* [EXERCISE AIM]: Copy every record word for word. The images stay behind.

------------------------------------------------------------

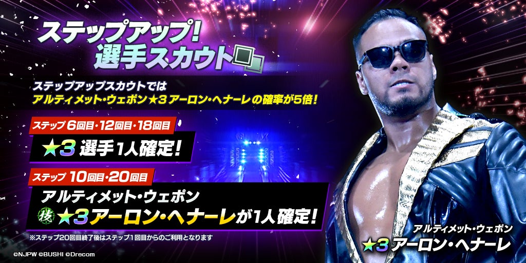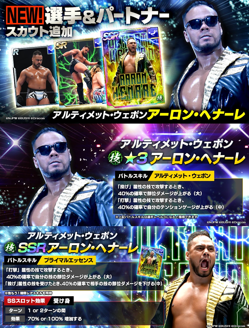 新日SSは2023年1月25日(水)メンテナンス終了後から、新規育成選手として、★3選手「[アルティメット・ウェポン]アーロン・ヘナーレ」が登場する「ステップアップ!選手スカウト」を開催しています。
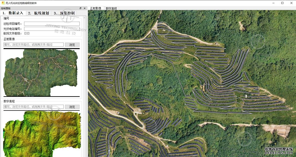 分析DOM正射影像和DEM數字高程模型,分析光伏電站的布局和地形特點,精細化規劃無人機的飛行路線,將光伏板的排列、地形的高程變化以及潛在安全隱患等因素考慮在內,優化路線,進行巡線仿地飛行。
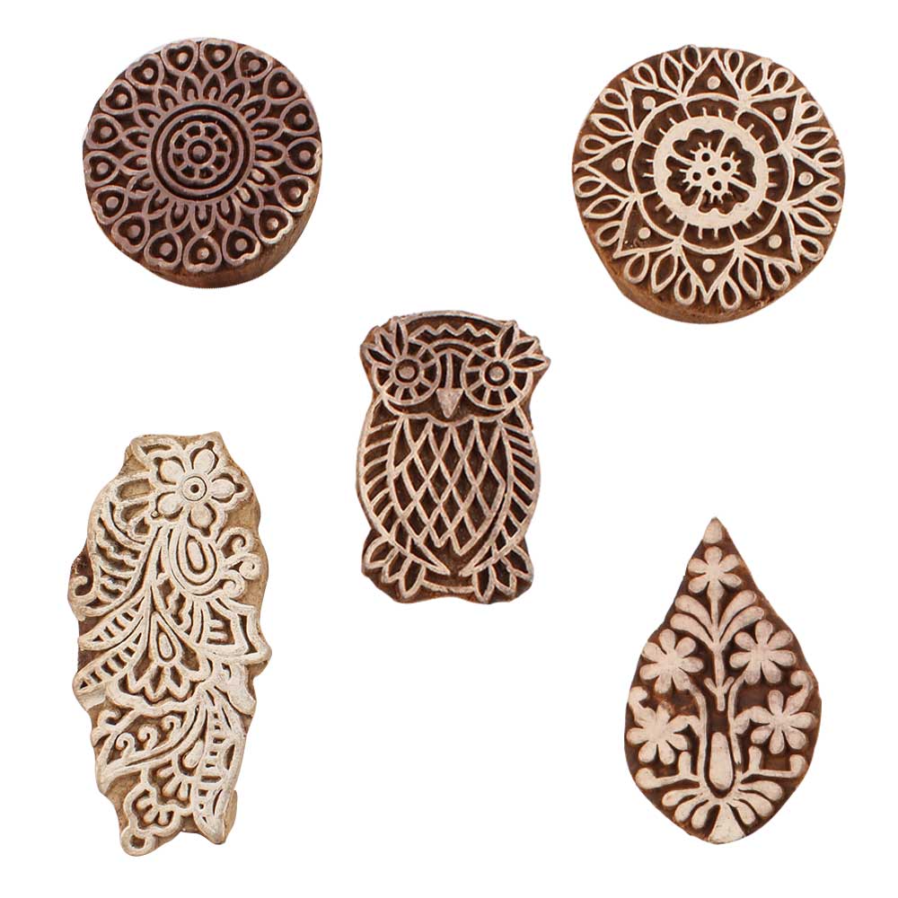 Set of 5 Piece New Mix Wooden Printing Blocks. Ideal for use on Fabric, Paper, Canvas, etc. These Blocks can be use to Print with Oil Colors, Fabric Colors, Water Colors, Acrylic Colors and Vegetable Colors.
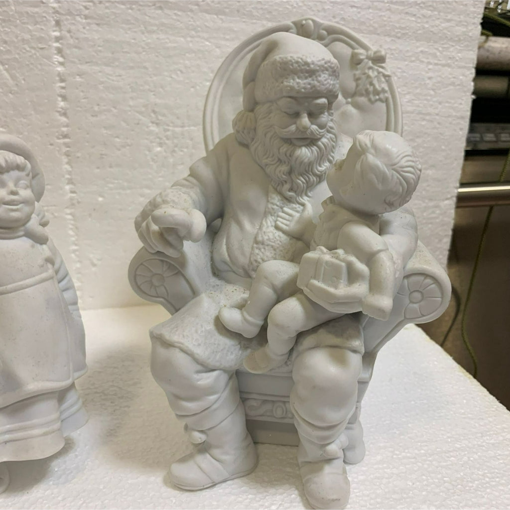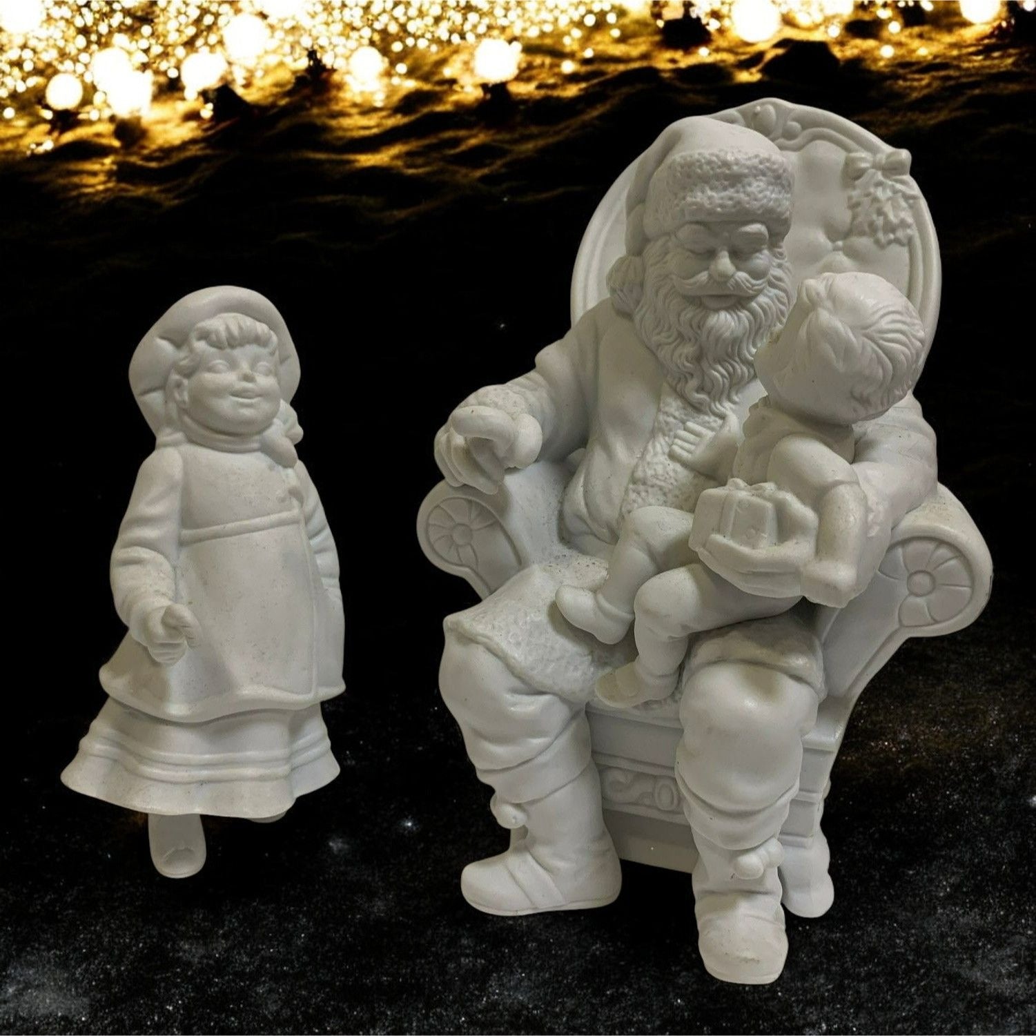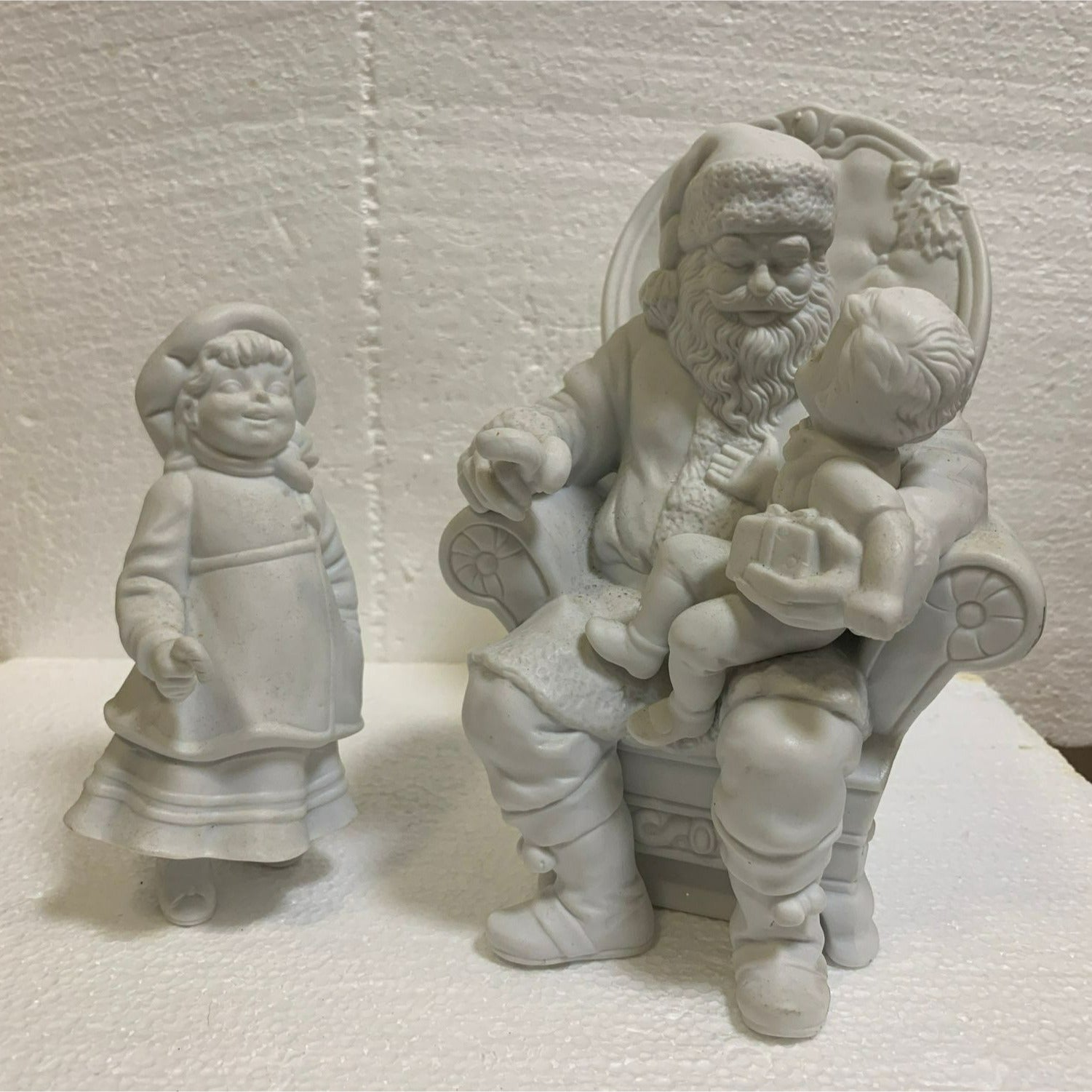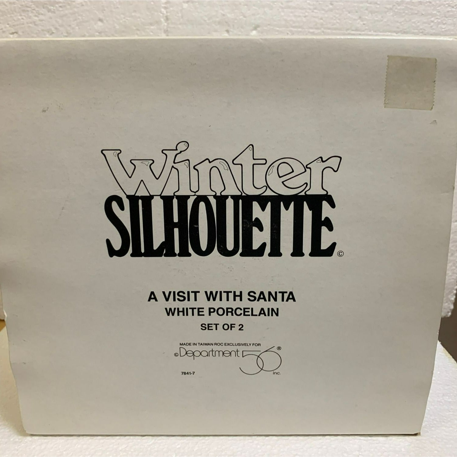 Department 56 A Visit With Santa, Winter Silhouettes Porcelain Christmas Figurines, set of 2 from 1990s. Very beautiful White Bisque Porcelain figurines. Two piece white porcelain collectible figurine set including Santa sitting in his chair holding a young boy with a slightly older girl standing nearby. Size: 5" x 6" x 8".
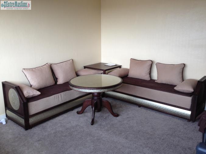 Comprenant : deux bancs 70*208, un coffre-coin, une table ronde, matelas par dessus et coussins compris)
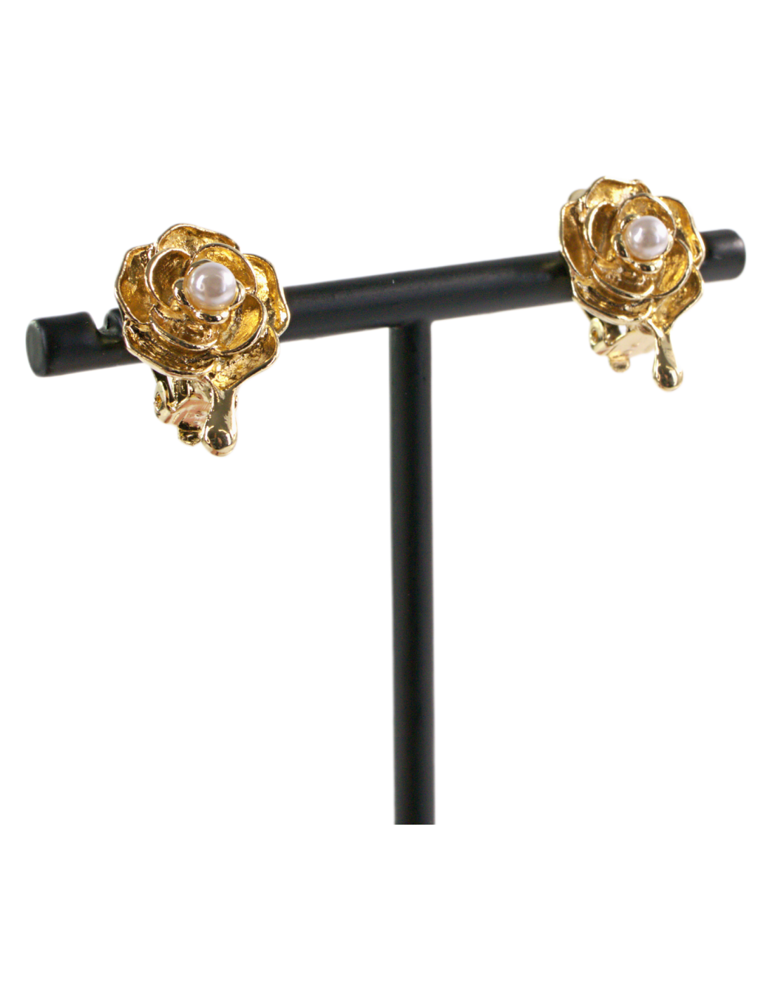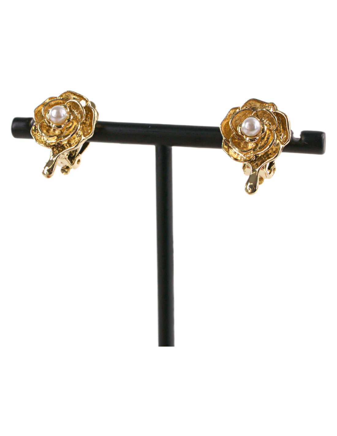 Klipsy do Uszu ZŁOTE RÓŻE Z PEREŁKĄ Lolita Akcesoria
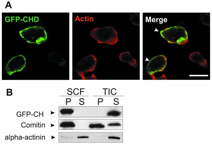 方法细节:构建绿色荧光蛋白-钙调蛋白结合蛋白同源结构域融合蛋白表达载体,转化盘基网柄菌AX2细胞;通过活细胞成像与免疫荧光染色分析绿色荧光蛋白-钙调蛋白结合蛋白同源结构域的亚细胞定位;采用亚细胞分离与Triton X-100处理分析其分布;以肌动蛋白结合蛋白comitin和α-辅肌动蛋白作为标记物。
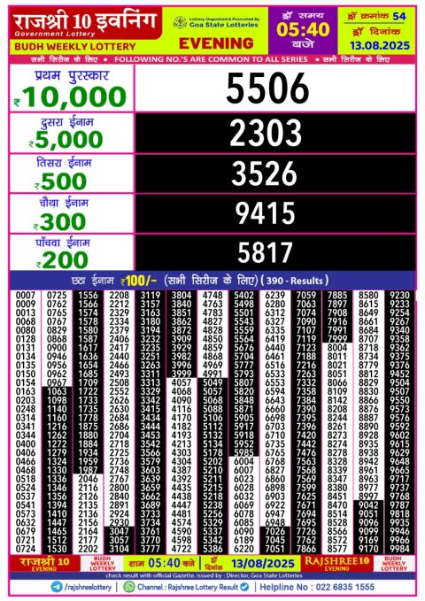 Rajshree 10 Daily Lottery 5.40PM Result 13.08.2025

------------------------------------------------------------

* [EXPECTED ANSWER]:
 新日SSは2023年1月25日(水)メンテナンス終了後から、新規育成選手として、★3選手「[アルティメット・ウェポン]アーロン・ヘナーレ」が登場する「ステップアップ!選手スカウト」を開催しています。
 分析DOM正射影像和DEM數字高程模型,分析光伏電站的布局和地形特點,精細化規劃無人機的飛行路線,將光伏板的排列、地形的高程變化以及潛在安全隱患等因素考慮在內,優化路線,進行巡線仿地飛行。
 Set of 5 Piece New Mix Wooden Printing Blocks. Ideal for use on Fabric, Paper, Canvas, etc. These Blocks can be use to Print with Oil Colors, Fabric Colors, Water Colors, Acrylic Colors and Vegetable Colors.
 Department 56 A Visit With Santa, Winter Silhouettes Porcelain Christmas Figurines, set of 2 from 1990s. Very beautiful White Bisque Porcelain figurines. Two piece white porcelain collectible figurine set including Santa sitting in his chair holding a young boy with a slightly older girl standing nearby. Size: 5" x 6" x 8".
 Comprenant : deux bancs 70*208, un coffre-coin, une table ronde, matelas par dessus et coussins compris)
 Klipsy do Uszu ZŁOTE RÓŻE Z PEREŁKĄ Lolita Akcesoria
 方法细节:构建绿色荧光蛋白-钙调蛋白结合蛋白同源结构域融合蛋白表达载体,转化盘基网柄菌AX2细胞;通过活细胞成像与免疫荧光染色分析绿色荧光蛋白-钙调蛋白结合蛋白同源结构域的亚细胞定位;采用亚细胞分离与Triton X-100处理分析其分布;以肌动蛋白结合蛋白comitin和α-辅肌动蛋白作为标记物。
 Rajshree 10 Daily Lottery 5.40PM Result 13.08.2025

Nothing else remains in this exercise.